- Interactive map of Mount Nyiut Nature Reserve
- Location: Bengkayang, Landak, and Sanggau regencies, West Kalimantan, Indonesia
- Nearest city: Bengkayang (45 km)
- Coordinates: 1°01′43″N 109°56′05″E﻿ / ﻿1.0287°N 109.9348°E
- Area: 124,500 ha (481 sq mi)
- Established: 1981
- Governing body: Natural Resources Conservation Agency (BKSDA) of West Kalimantan

= Mount Nyiut Nature Reserve =

Nature reserve in West Kalimantan, Indonesia

Mount Nyiut Nature Reserve (Cagar Alam Gunung Nyiut) is a strict nature reserve (cagar alam) located in West Kalimantan, Indonesia, near the border with Sarawak, Malaysia. It spans approximately 124,500 hectares (1,245 km² / 481 sq mi) across the regencies of Bengkayang, Landak, and Sanggau. The reserve encompasses a rugged, forested volcanic massif rising to around 1,700 metres above sea level.

Designated as a nature reserve in 1981 and administered under successive designations by the Natural Resources Conservation Agency (BKSDA) of West Kalimantan, it is one of the largest protected areas in the province. The reserve is centred on the Nyiut and Penrisen massifs, part of the rugged highland chain that forms a watershed between Indonesian Borneo and Sarawak. It is recognised as habitat for the endangered Bornean orangutan (Pongo pygmaeus pygmaeus) and is designated as an Important Bird Area (IBA) by BirdLife International.

==Geography==
Mount Nyiut Nature Reserve is situated in the interior highlands of West Kalimantan, along the border with Sarawak, Malaysia. The reserve covers approximately 124,500 hectares (1,245 km²) across the regencies of Bengkayang, Landak, and Sanggau. The nearest town is Bengkayang, approximately 45 kilometres away.
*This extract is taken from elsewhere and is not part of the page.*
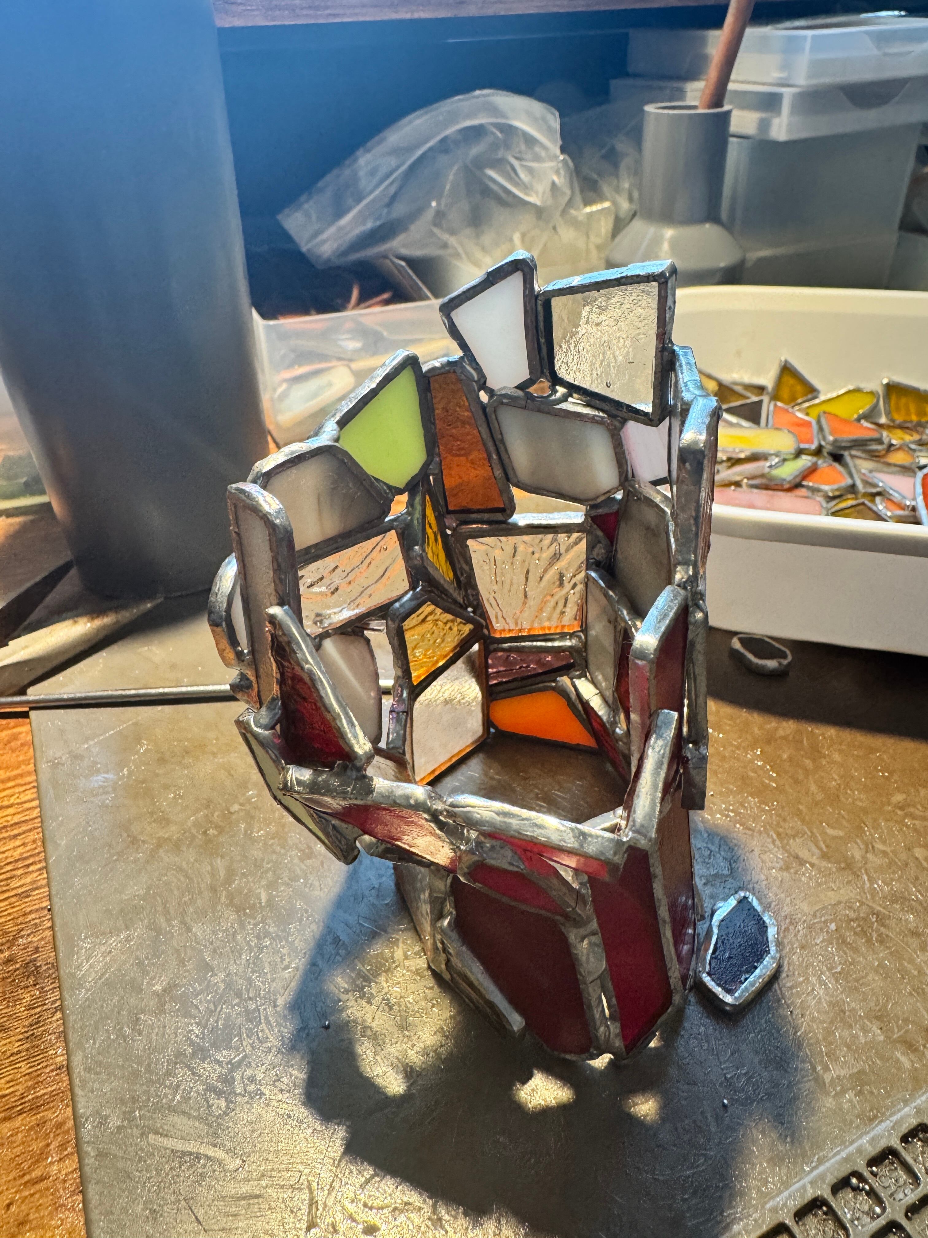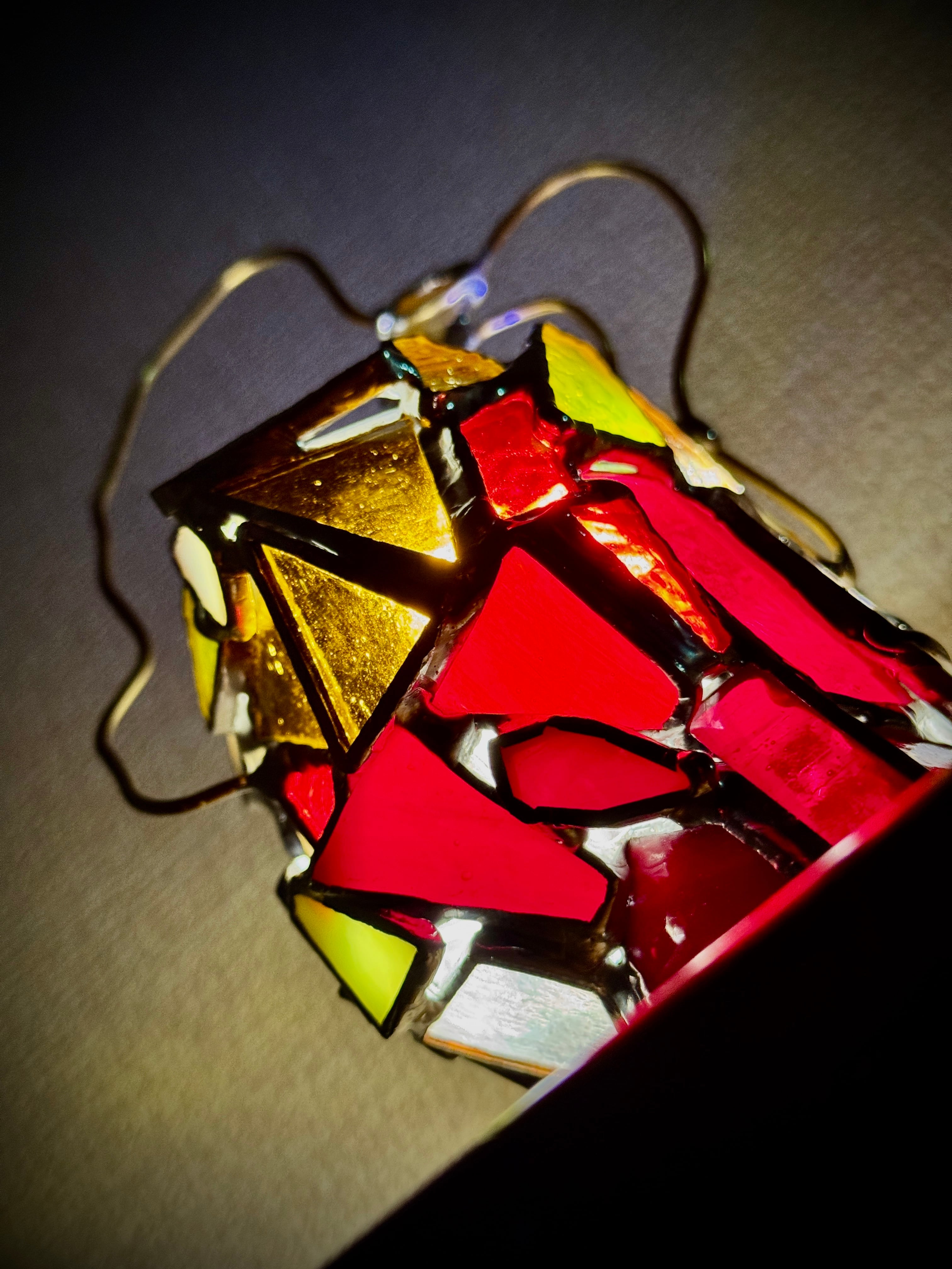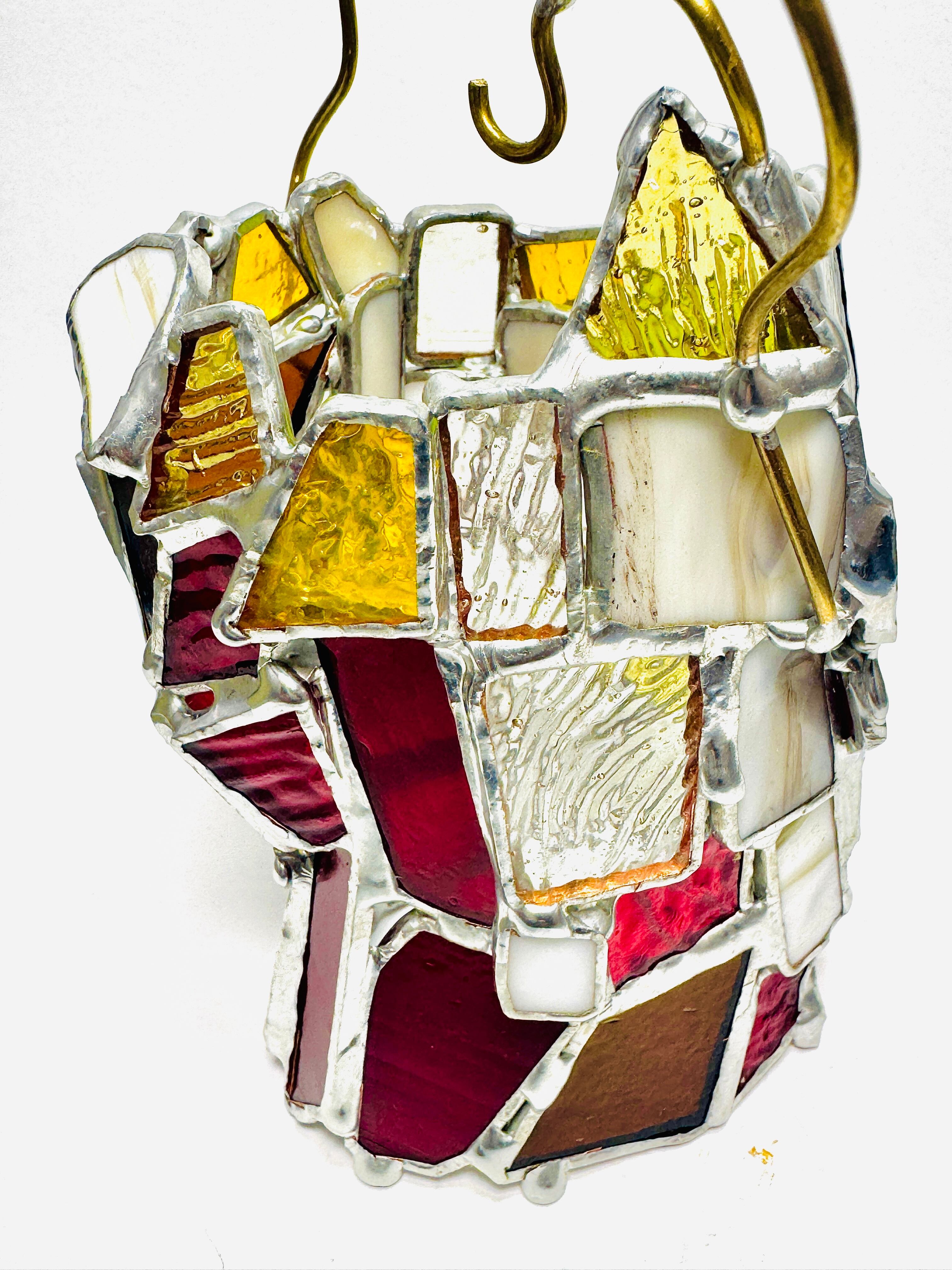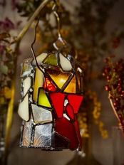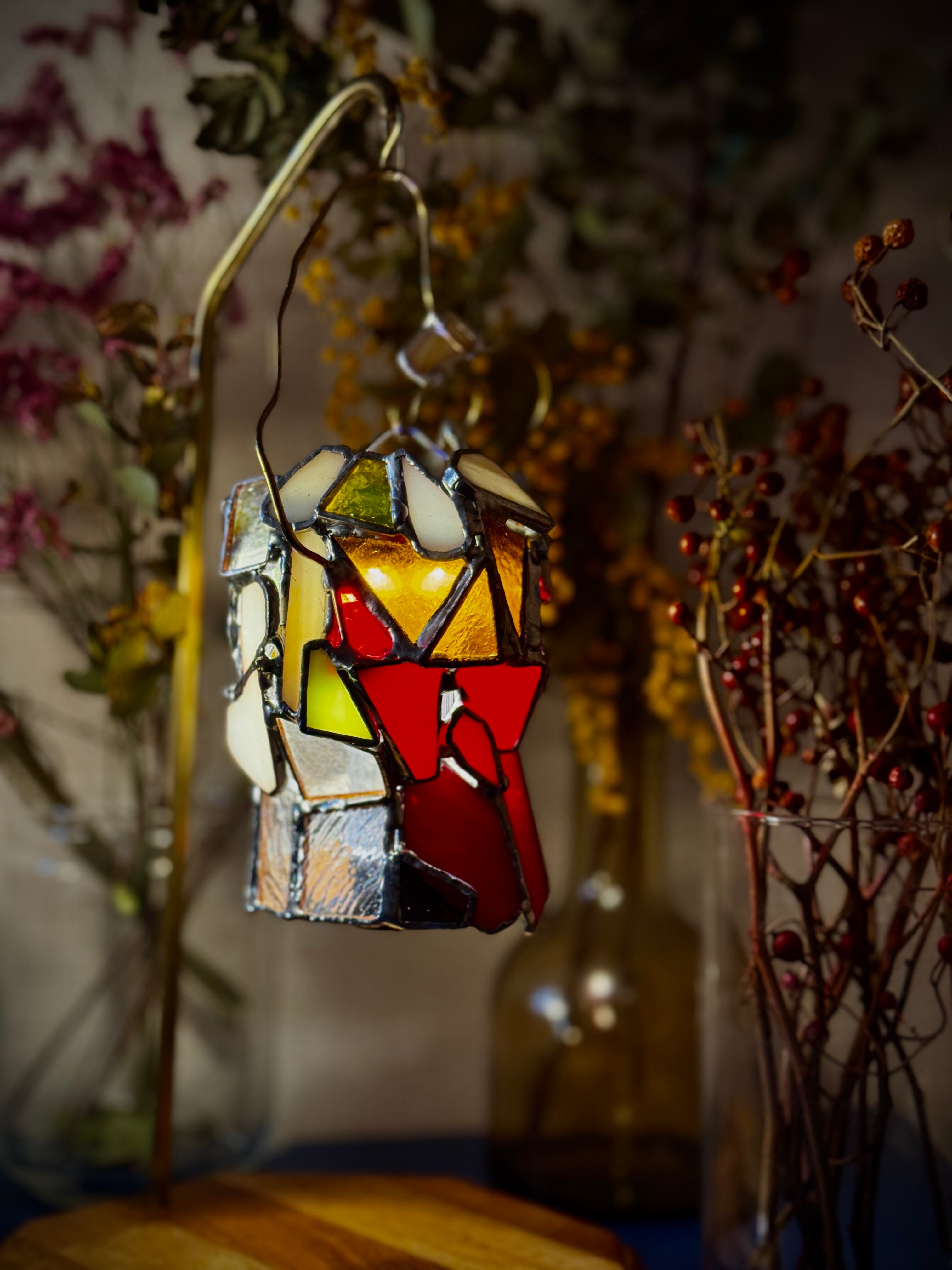 この作品は比較的小さいガラスで構成した、手乗りサイズのランタンシェードです。

The reserve is centred on the Nyiut and Penrisen massifs, part of the rugged highland chain that forms a natural watershed between Indonesian Borneo and Sarawak. Mount Nyiut, the highest peak in the reserve, rises to approximately 1,701 metres (5,581 ft) above sea level, making it the second-highest mountain in West Kalimantan. The summit is marked with a cement pillar (P123).

==Geology==
The reserve lies within the highland belt that runs along the West Kalimantan–Sarawak border, a region of folded and uplifted older rocks intruded by granitic bodies. Gunung Nyiut is an old volcano, with steep, deeply dissected slopes shaped by intense tropical weathering and high rainfall. These uplands act as a natural watershed, feeding numerous streams and rivers that drain toward both the Indonesian and Malaysian sides of Borneo.

==Ecology==
The reserve protects a representative slice of Bornean lowland-to-montane rainforest, with vegetation grading from lowland mixed dipterocarp forest on the lower slopes to hill and submontane forest at higher elevations. Dipterocarp trees dominate the canopy, accompanied by figs, oaks and laurels, with abundant epiphytes, ferns, orchids, and rattans typical of perhumid Bornean rainforest. Higher, cooler ridges support mossy montane forest with smaller, gnarled trees draped in moss and lichen.
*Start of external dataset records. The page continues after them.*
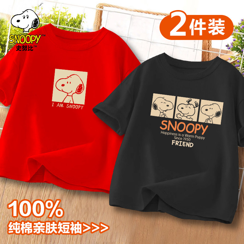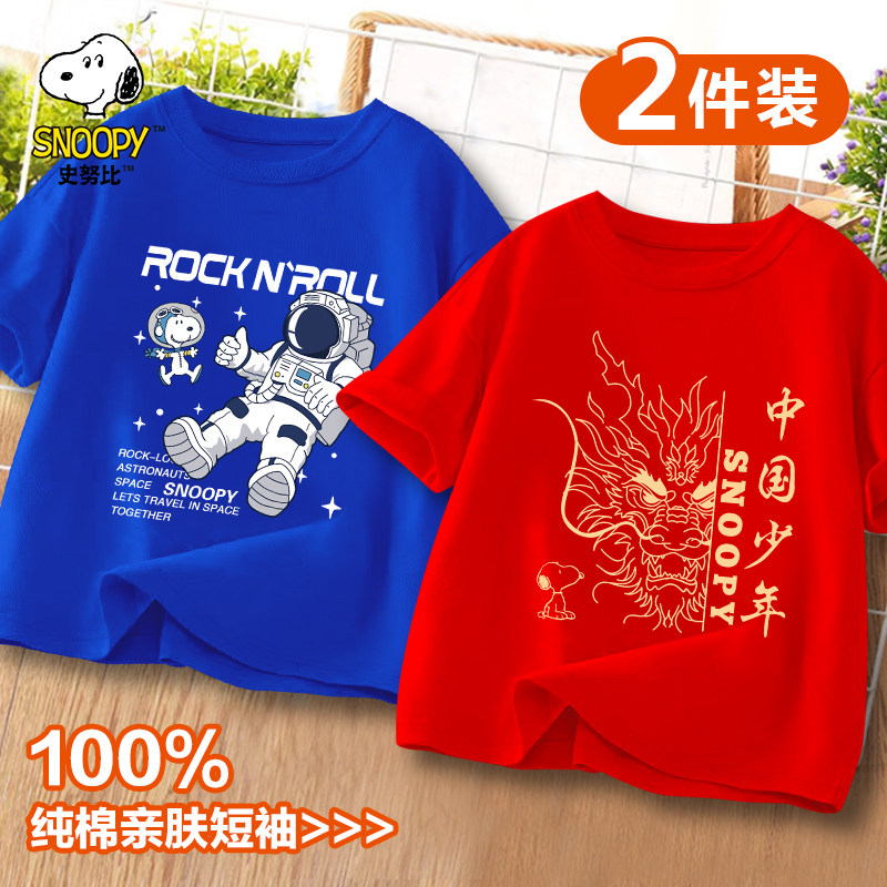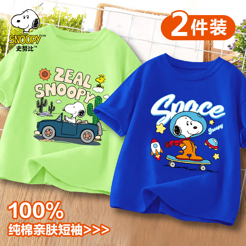 史努比男童短袖t恤2025新款夏装男孩纯棉半袖儿童夏季体恤衫衣服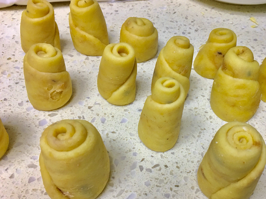 步骤11、然后从上至下慢慢卷起裹实,用刀从中间切开,变成两个面包生坯。然后把面团一个个做好,沾上少许面粉防粘。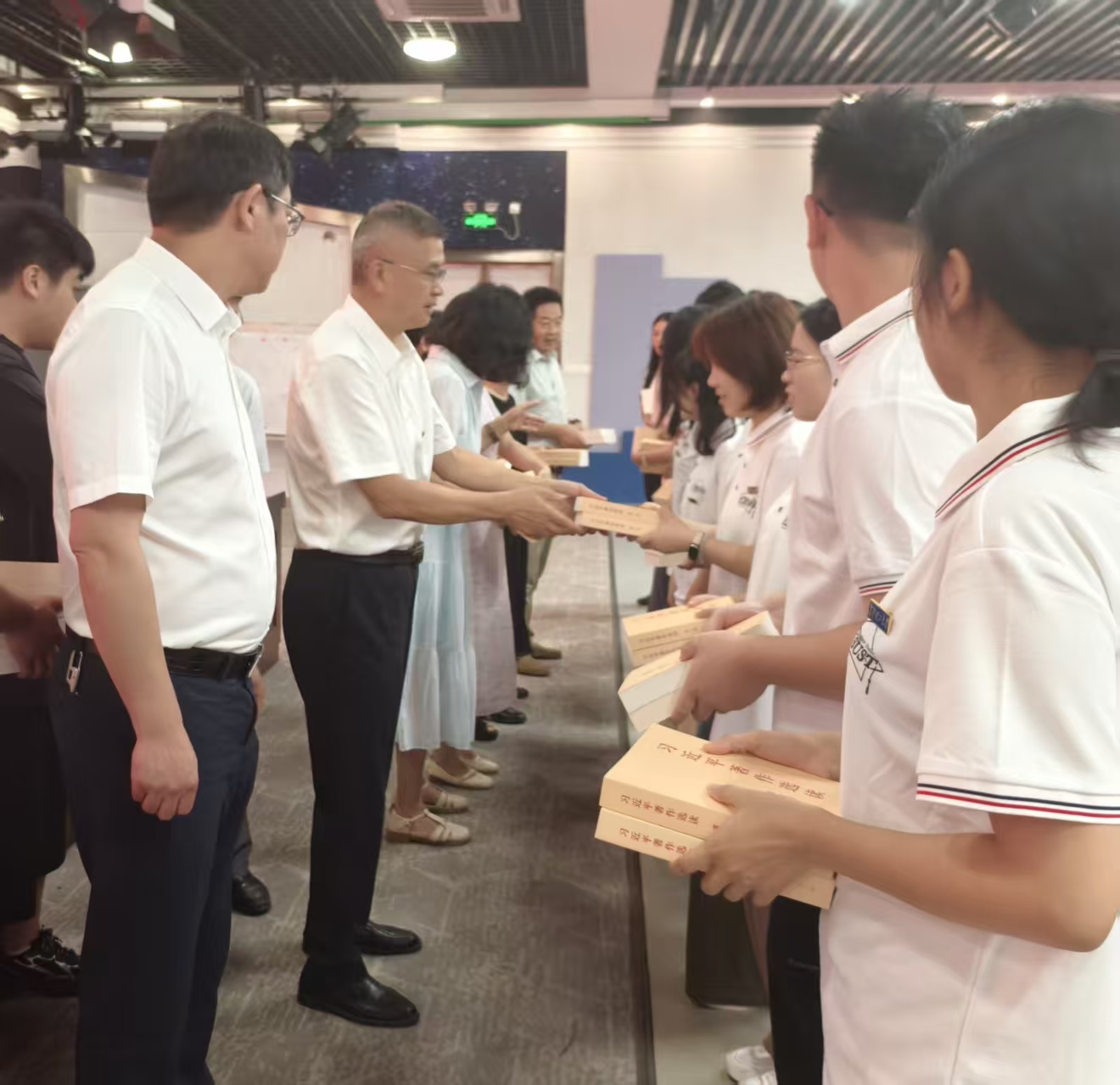 典礼最后举行了赠书仪式,学院领导及教授代表为新生赠送经典著作。张明海勉励大家要读原著、学原文、悟原理,夯实理论根基,争做党的创新理论时代潮流中的弄潮儿,坚持做到学理论、用理论、宣传理论。

The reserve is home to a variety of endemic Bornean species, including the endangered Bornean orangutan (Pongo pygmaeus pygmaeus). The orangutan population size and trend are unknown. Other primates present include gibbons, langurs and macaques. Larger mammals may include sun bears, clouded leopards, various deer and civets, while the forest canopy and understory support hornbills, woodpeckers, pittas and a rich diversity of insects and amphibians. Pangolins have also been recorded.

The reserve is also designated as an Important Bird Area (IBA) by BirdLife International, supporting a variety of bird species.

===Flora===
The reserve is noted for its diverse flora, including wild orchids, Nepenthes pitcher plants, and the rare Rafflesia tuan-mudae.

==Conservation==
Designated as a nature reserve (Cagar Alam) in 1981, it was later reaffirmed as a wildlife sanctuary and then a nature reserve again. It is administered under successive designations by the Natural Resources Conservation Agency (BKSDA) of West Kalimantan under Indonesia's Ministry of Environment and Forestry. As a cagar alam, it is reserved primarily for the strict protection of intact ecosystems and scientific study, with general public access restricted.

===Threats===
The reserve faces threats from residential encroachment, illegal logging, and deforestation. The location of Mount Nyiut near the border makes it a prime target for illegal enterprises that harvest natural resources. Residential areas and old settlements are found around the site.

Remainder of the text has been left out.